Leave out the pictures and retype, exactly, the lines below from the line with "4. To set up" up to and including the line with "połaciowe w cenie", nothing more.
*** Opening RECORDS TO PROCESS ***
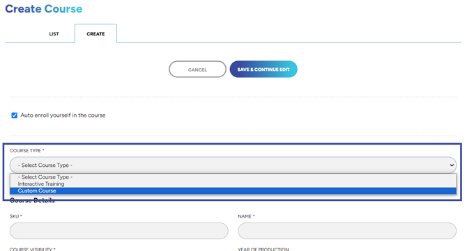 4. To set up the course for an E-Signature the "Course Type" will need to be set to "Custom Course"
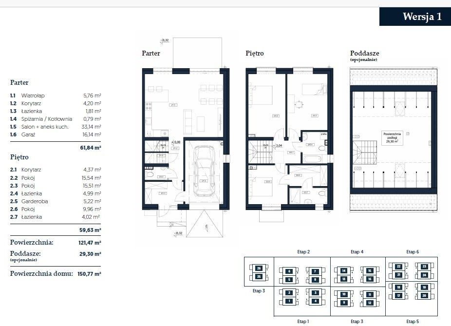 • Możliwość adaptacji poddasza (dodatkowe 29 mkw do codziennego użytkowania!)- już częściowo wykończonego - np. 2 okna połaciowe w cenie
*** Closing RECORDS TO PROCESS ***
*** Opening RECORDS TO PROCESS ***
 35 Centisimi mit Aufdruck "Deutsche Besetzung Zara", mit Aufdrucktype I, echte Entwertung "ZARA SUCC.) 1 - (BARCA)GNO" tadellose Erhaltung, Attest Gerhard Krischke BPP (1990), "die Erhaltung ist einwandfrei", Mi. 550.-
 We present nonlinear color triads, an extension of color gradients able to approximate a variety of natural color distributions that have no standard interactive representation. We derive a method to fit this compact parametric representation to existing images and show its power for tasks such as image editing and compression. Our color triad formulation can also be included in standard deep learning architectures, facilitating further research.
*** Closing RECORDS TO PROCESS ***
_EXERCISE ANSWER_:
 4. To set up the course for an E-Signature the "Course Type" will need to be set to "Custom Course"
 • Możliwość adaptacji poddasza (dodatkowe 29 mkw do codziennego użytkowania!)- już częściowo wykończonego - np. 2 okna połaciowe w cenie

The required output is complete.